RFR(L): 8226705: [REDO] Deoptimize with handshakes

Thu Sep 12 08:36:51 UTC 2019

Hi Dan, thanks for having a look.

On 9/11/19 12:19 AM, Daniel D. Daugherty wrote:
> src/hotspot/share/runtime/biasedLocking.cpp
>      L729: void BiasedLocking::revoke_own_locks(Handle obj, TRAPS) {
>          Perhaps add:
>            assert(THREAD->is_Java_thread(), "must be called by a JavaThread");
>            JavaThread* thread = (JavaThread*)THREAD;
> 
>          and then switch uses of 'THREAD' for 'thread'. This way we
>          are not casting away a bad caller...

Fixed

> 
> src/hotspot/share/runtime/biasedLocking.hpp
>      L193:   // This should be called by a JavaThread to revoke the bias of an 
> owned object
>          Perhaps:
>              // This must only be called by a JavaThread to revoke the bias of 
> an owned object.
> 

Fixed

> src/hotspot/share/runtime/deoptimization.cpp
>      Moving the top part of Deoptimization::fetch_unroll_info_helper()
>      made this hard to review, but I suspect leaving it in place would
>      have been just as hard because of the refactor of code into
>      eliminate_allocations() and eliminate_locks(). Did lots of
>      scrolling of the frames windows and I think it looks correct...
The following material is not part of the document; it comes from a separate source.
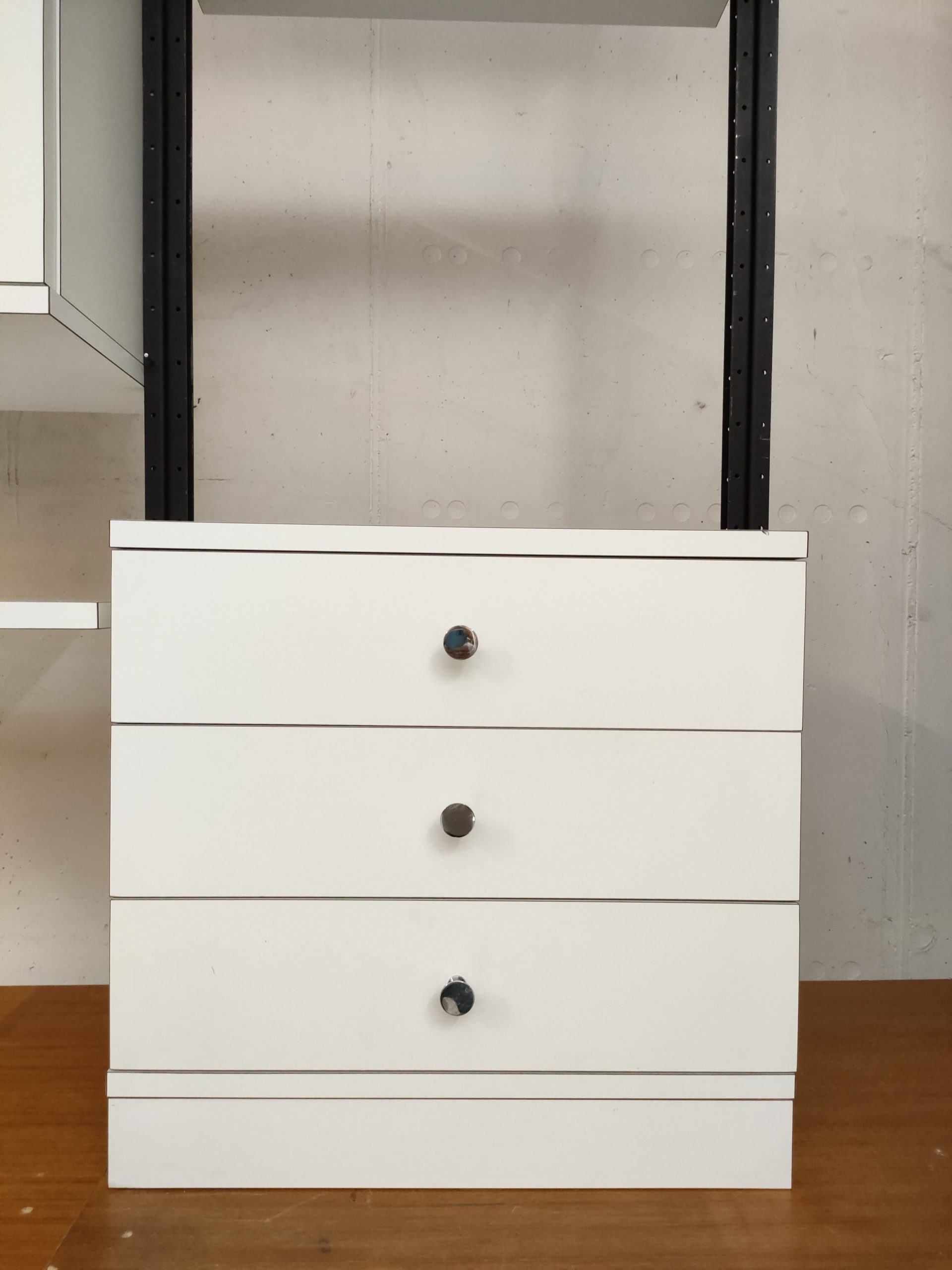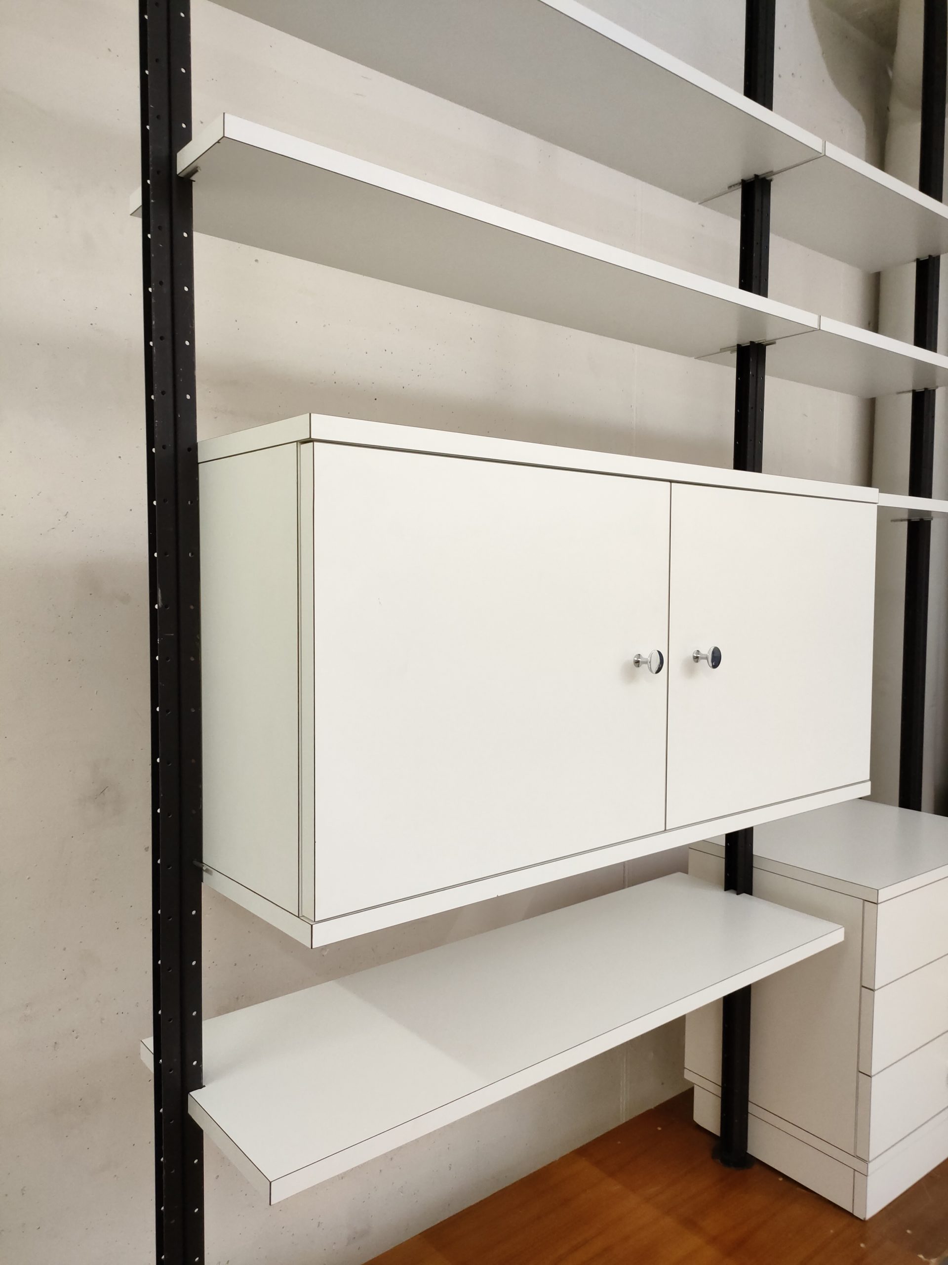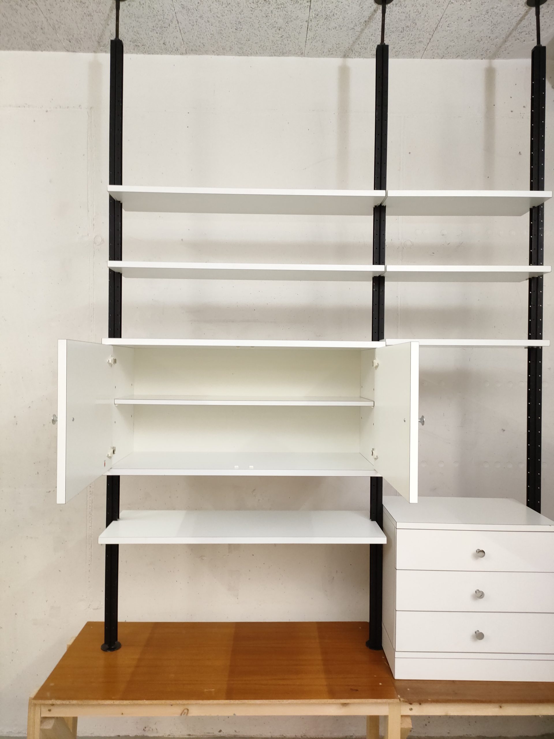 Produit venduÉtagère télescopique vintage modulable produite par le fabricant suisse Victoria Möbel. Dotée de 3 barres en métal noir avec hauteur réglable (min 220 cm, max 260 cm) et de six tablars (3 de 55 cm et 3 de 93 cm). Un module de rangement supérieur avec portes et étagère à l’intérieur et un module de rangement inferieur avec 3 tiroirs complètent cette étagère télescopique. Quelques traces s’usure sur les barres et sur le module de rangement avec tiroirs (voir photos) mais bon état général. Stable et solide et parfaitement fonctionnelle.

There was one issue with ifdef which Patricio found.

> 
> src/hotspot/share/runtime/mutexLocker.cpp
>      L236:   def(CompiledMethod_lock          , PaddedMutex  , special-1,   
> true,  Monitor::_safepoint_check_never);
>          So CompiledMethod_lock is 'tty' + 1. Is that so that it ranks
>          lower than the Patching_lock? Any lock ranking issues expected
>          for the places you replaced Patching_lock with CompiledMethod_lock?
> 
>          I don't think you replaced all uses of Patching_lock, right?
>          (Sorry if I asked that before...)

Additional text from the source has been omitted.